YOUR INSTRUCTIONS> The lines to extract run from the start of the records through the line with "David Tallacksen, left, WBGO", both ends included; drop the pictures.

************

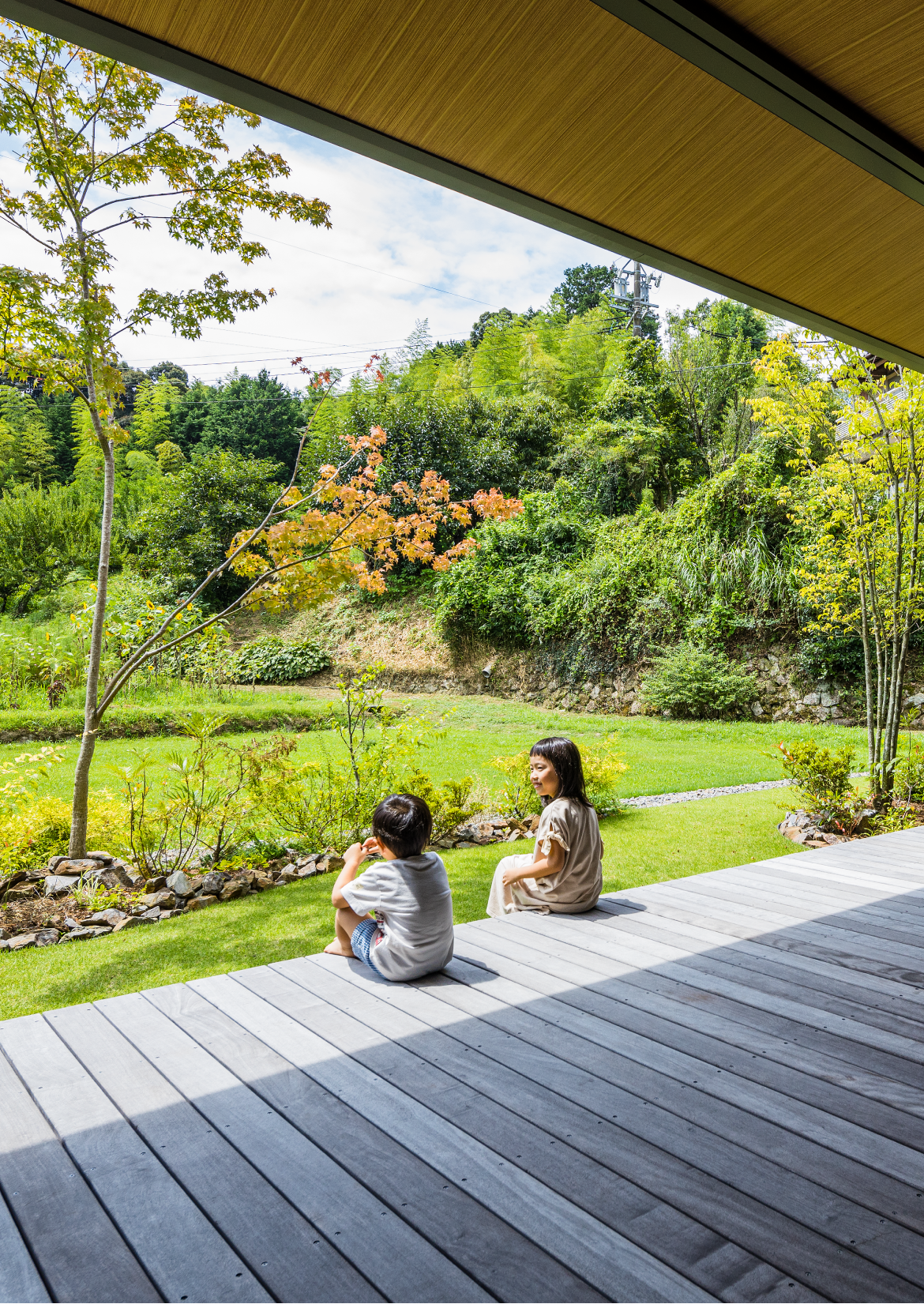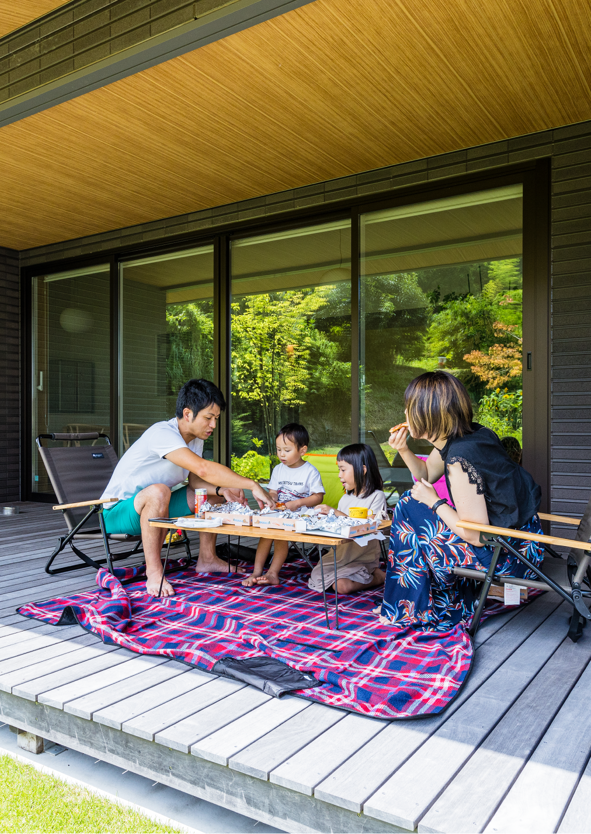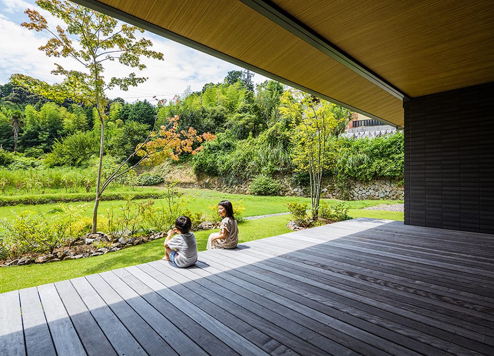 室内の床と高さを揃え、視覚的にも一体感が出るようにしています。 また、深い軒を設けることで、日差しをやわらかく調整し、夏でも涼しく過ごせる場所にしました。
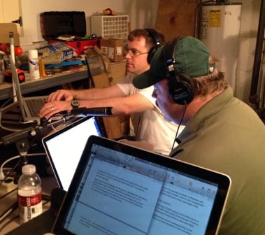David Tallacksen, left, WBGO v.p. of operations and engineering, and news director Doug Doyle kept the jazz station broadcasting during Superstorm Sandy from a makeshift studio in Tallacksen’s house. (Photo: Andrew Meyer)
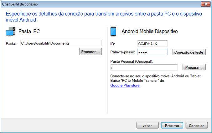 2 Se você estiver transferindo arquivos entre PC pasta e Móvel dispositivo, você precisa fornecer o caminho da pasta e os detalhes da conexão móvel, conforme mostrado abaixo:
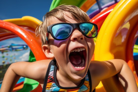 excited kid swimsuit goggles screaming happiness camera water slide park summer vacation fun joy laughter childhood freedom adventure thrill excitement speed splash cool wet water swimming aqua park amusement park amusement ride holiday recreation leisure activity outdoors sunshine happy carefree playful energetic vibrant dynamic joyful ecstatic delighted thrilledImagine Buddy
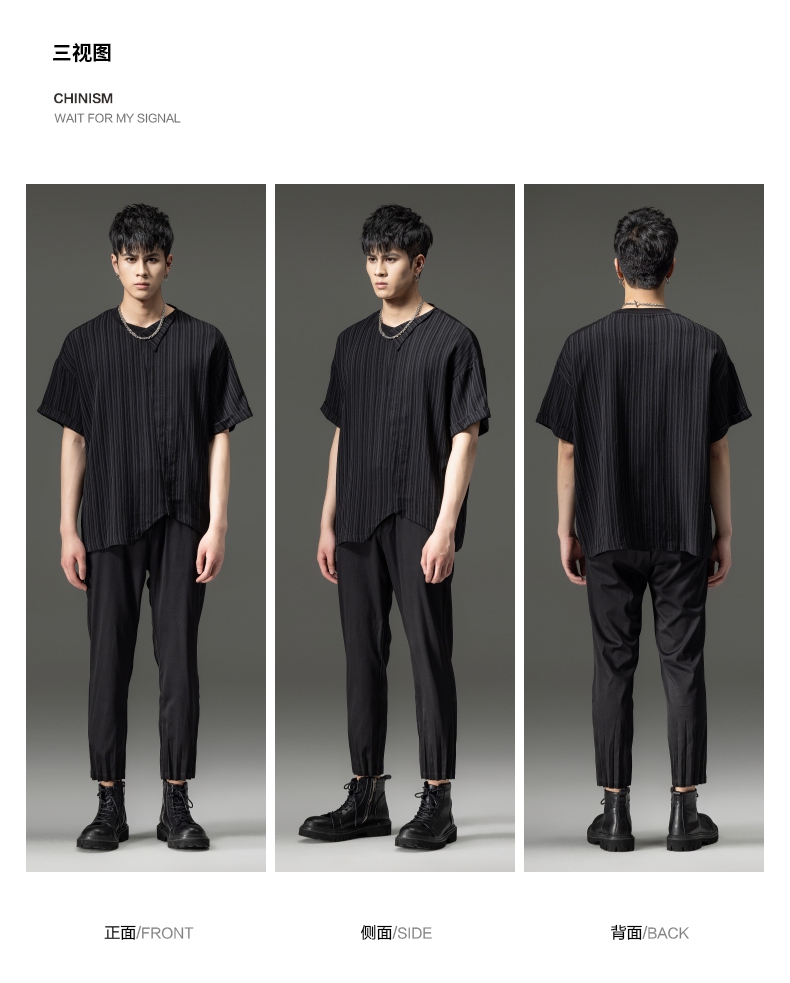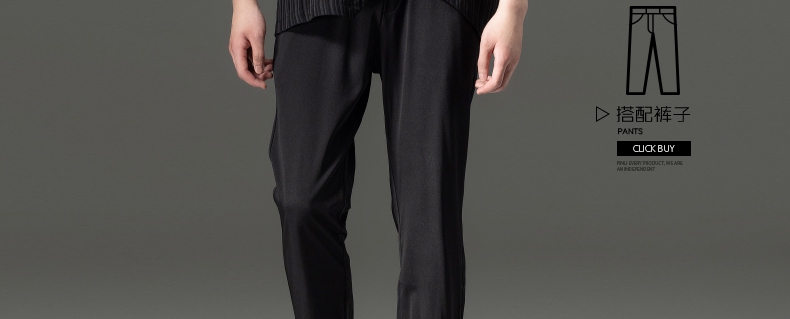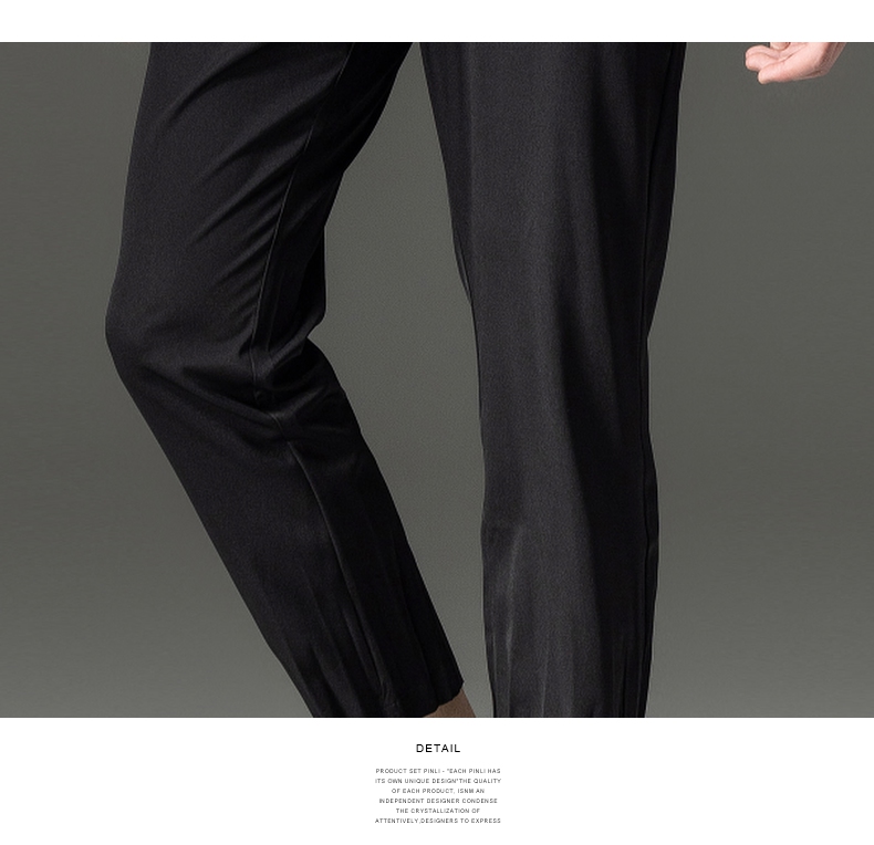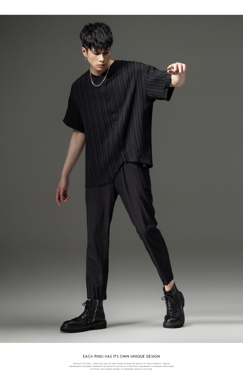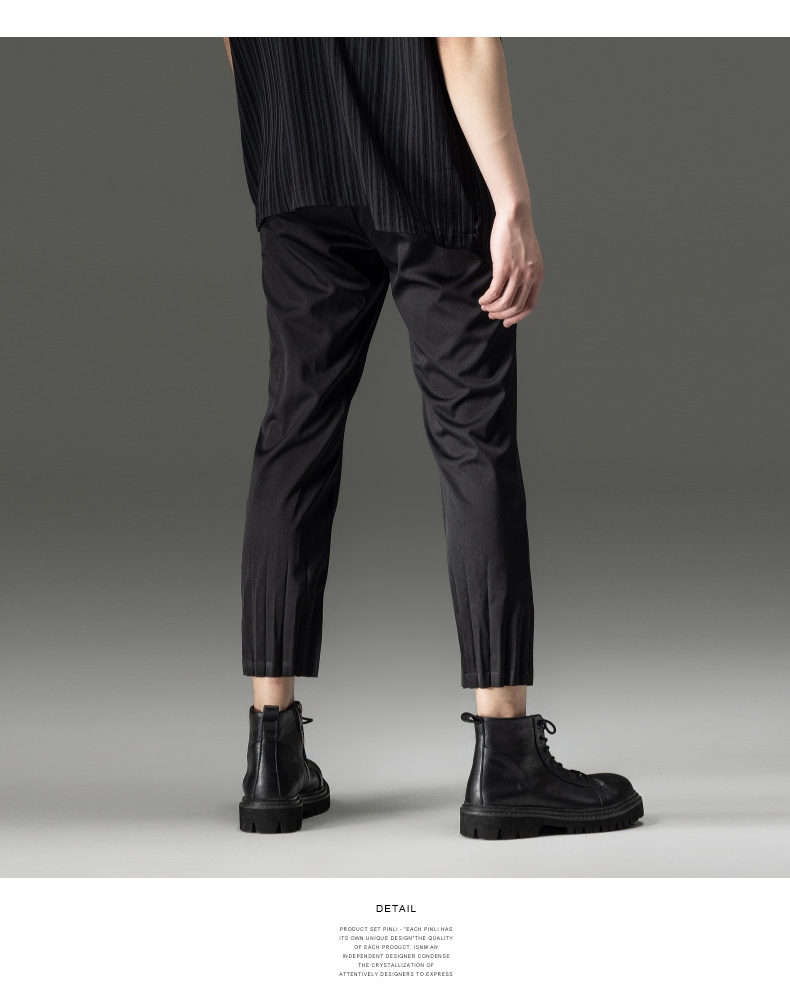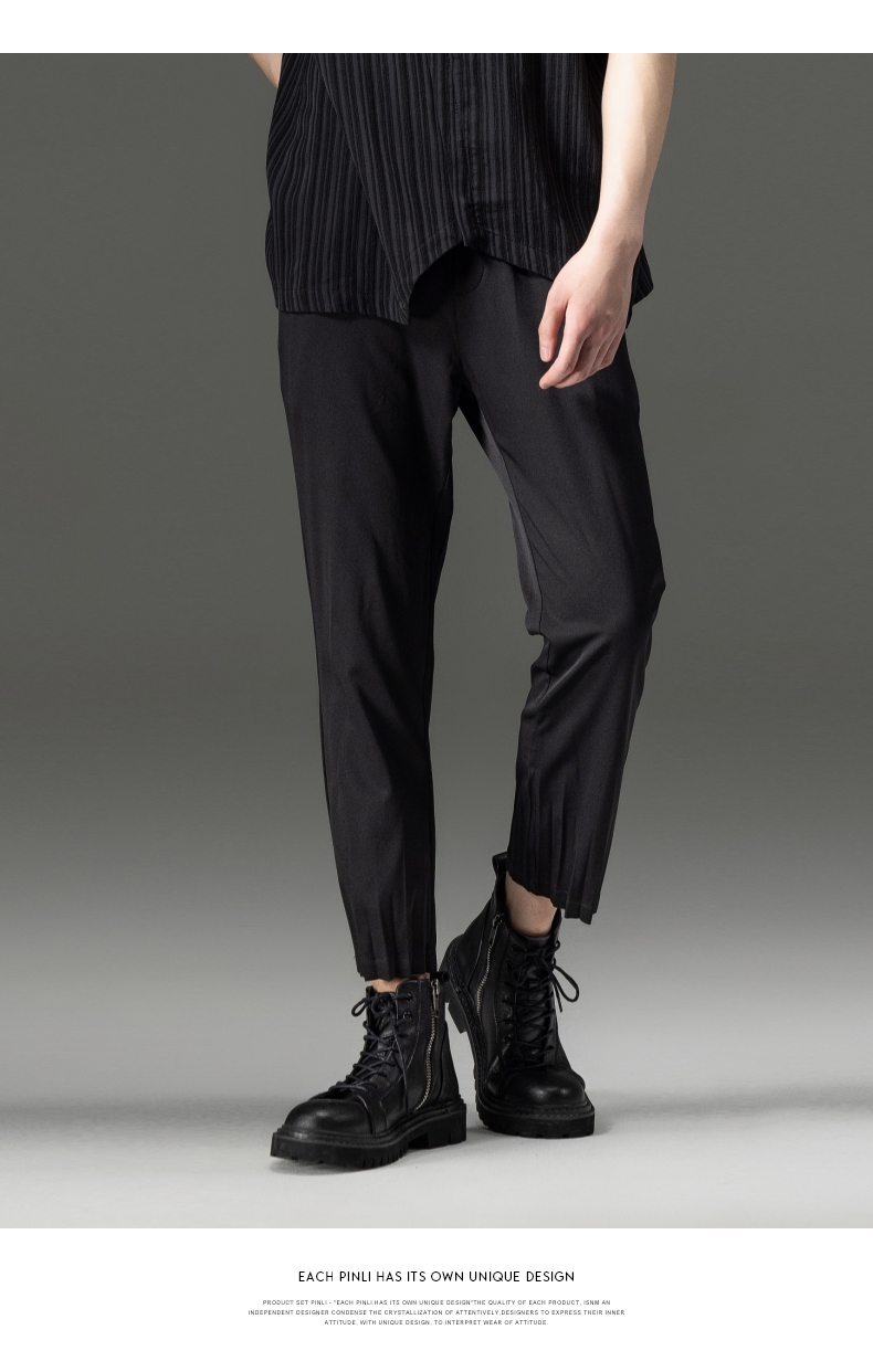 PINLI品立夏季新款男装压褶小脚裤黑色轻薄休闲九分裤潮牌束脚裤,B242117159-B222517105

************

RESULT OF THE TASK>
 室内の床と高さを揃え、視覚的にも一体感が出るようにしています。 また、深い軒を設けることで、日差しをやわらかく調整し、夏でも涼しく過ごせる場所にしました。
David Tallacksen, left, WBGO v.p. of operations and engineering, and news director Doug Doyle kept the jazz station broadcasting during Superstorm Sandy from a makeshift studio in Tallacksen’s house. (Photo: Andrew Meyer)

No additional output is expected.